■ TASK OBJECTIVE
Return the listing verbatim, images left out.

■ AVAILABLE DATA
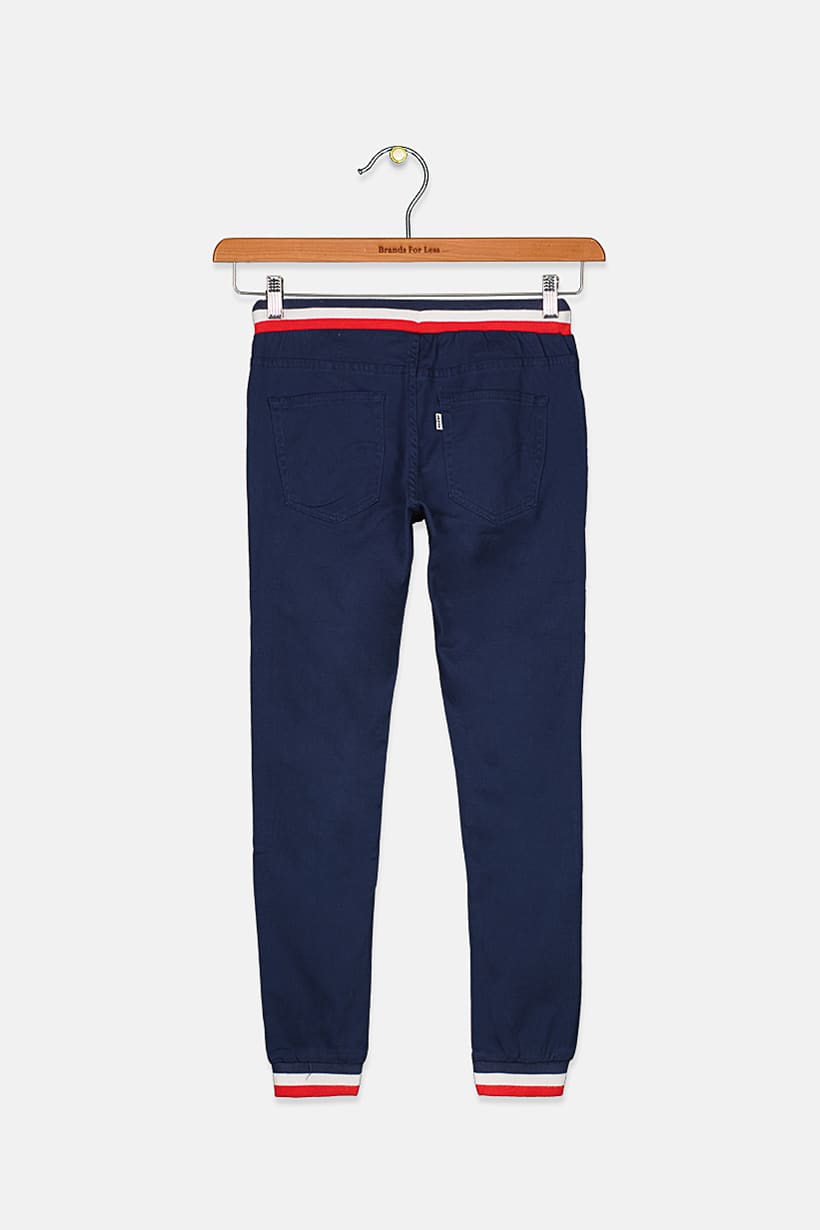 This product is designed for boys and features a regular fit with an elasticized bottom hem and drawstring closure. It has a five pocket style and is made from a blend of 97% cotton and 3% elastane. It is machine washable and ideal for casual occasions. Please note that the product color may vary slightly due to lighting or monitor settings. The color family is navy blue and the pattern is plain/solid.
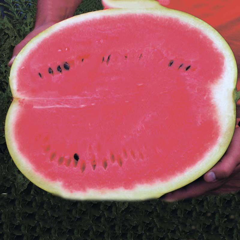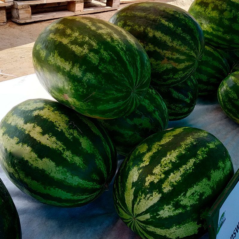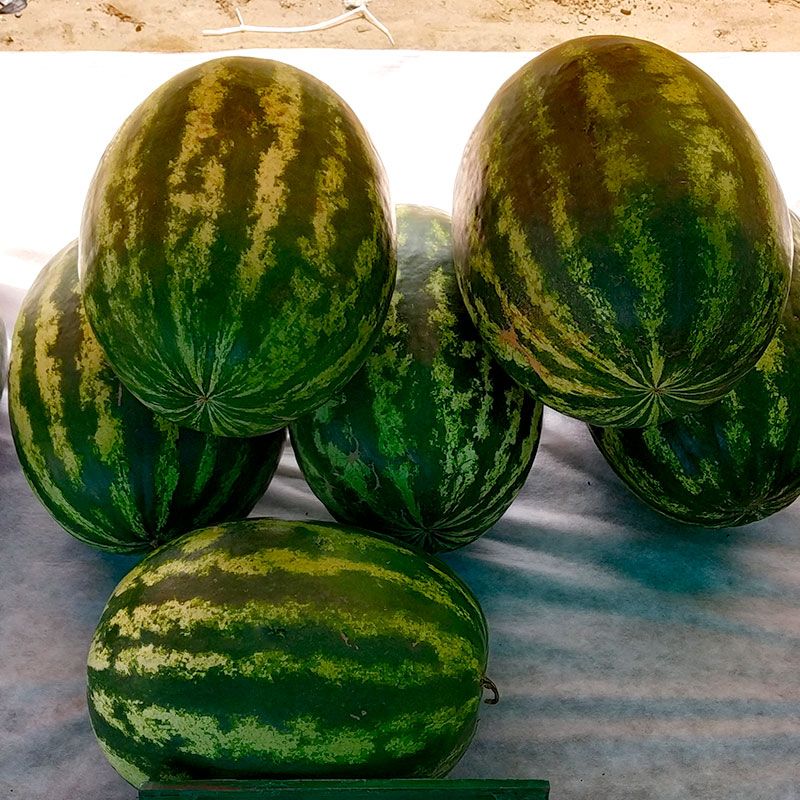 Плоды формируются крупного размера и округлой формы, темно-зеленого цвета с полосами, массой 13-15 кг, с красной хрустящей мякотью.
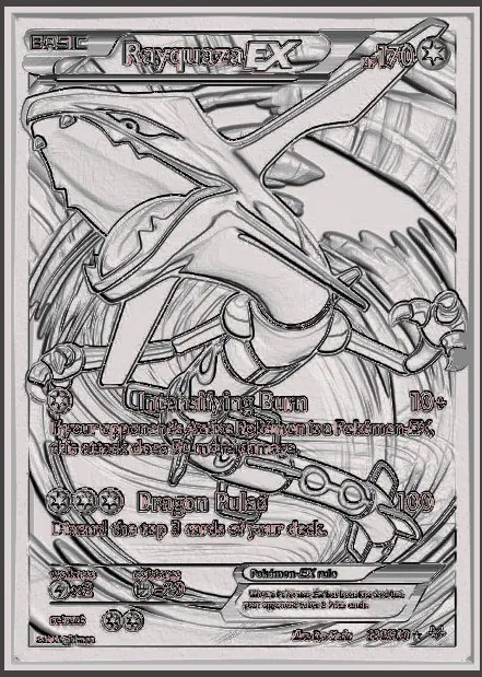 Mẫu Rayquaza EX TCG lấy cảm hứng từ thẻ bài Pokémon (Trading Card Game), phù hợp để in 3D trưng bày hoặc làm artwork theo phong cách card art.
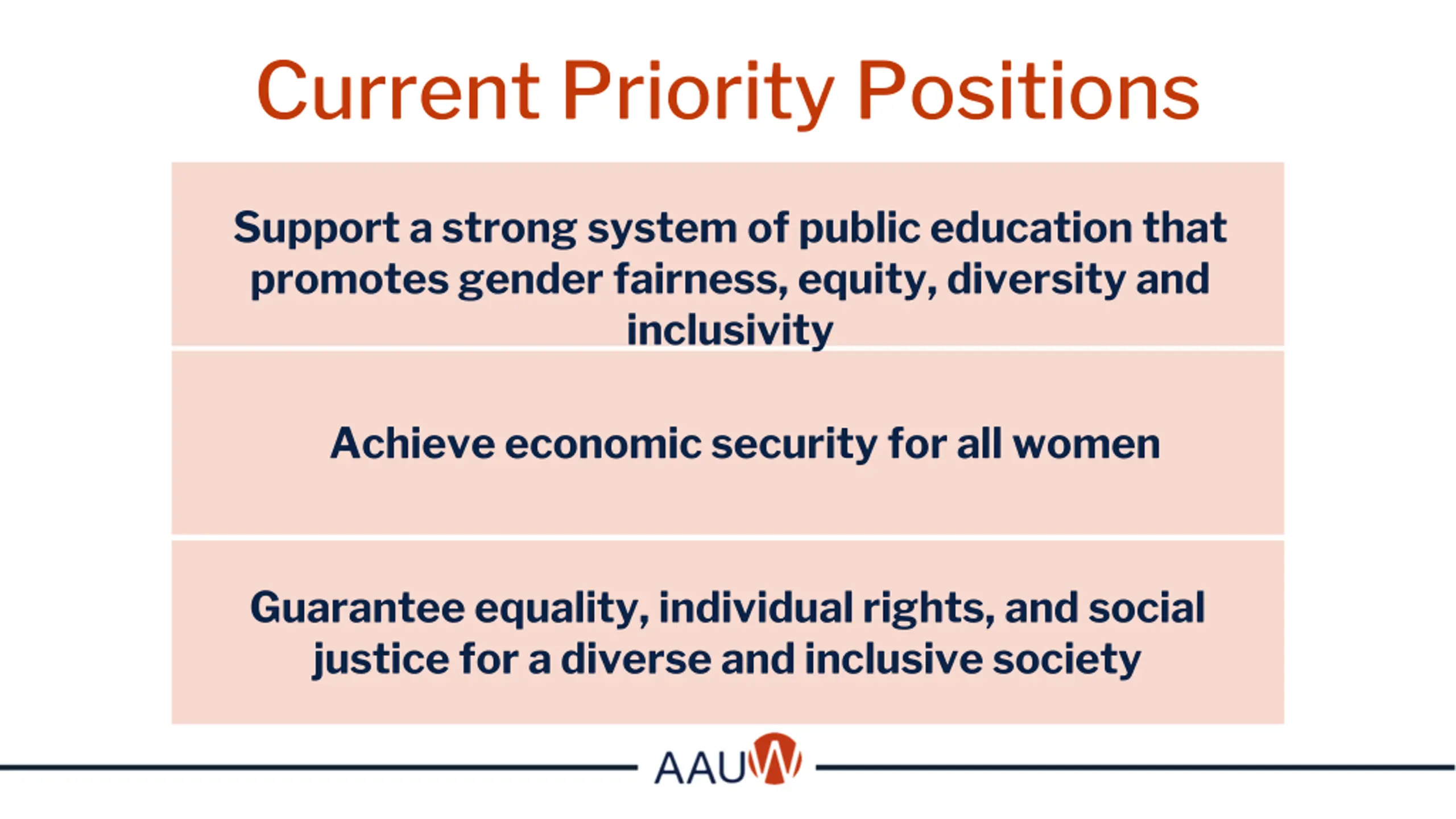Current Priority Positions Support a strong system of public education that promotes gender fairness, equity, diversity and inclusivity Achieve economic security for all women Guarantee equality, individual rights, and social justice for a diverse and inclusive society

■ WRITTEN ANSWER
 This product is designed for boys and features a regular fit with an elasticized bottom hem and drawstring closure. It has a five pocket style and is made from a blend of 97% cotton and 3% elastane. It is machine washable and ideal for casual occasions. Please note that the product color may vary slightly due to lighting or monitor settings. The color family is navy blue and the pattern is plain/solid.
 Плоды формируются крупного размера и округлой формы, темно-зеленого цвета с полосами, массой 13-15 кг, с красной хрустящей мякотью.
 Mẫu Rayquaza EX TCG lấy cảm hứng từ thẻ bài Pokémon (Trading Card Game), phù hợp để in 3D trưng bày hoặc làm artwork theo phong cách card art.
Current Priority Positions Support a strong system of public education that promotes gender fairness, equity, diversity and inclusivity Achieve economic security for all women Guarantee equality, individual rights, and social justice for a diverse and inclusive society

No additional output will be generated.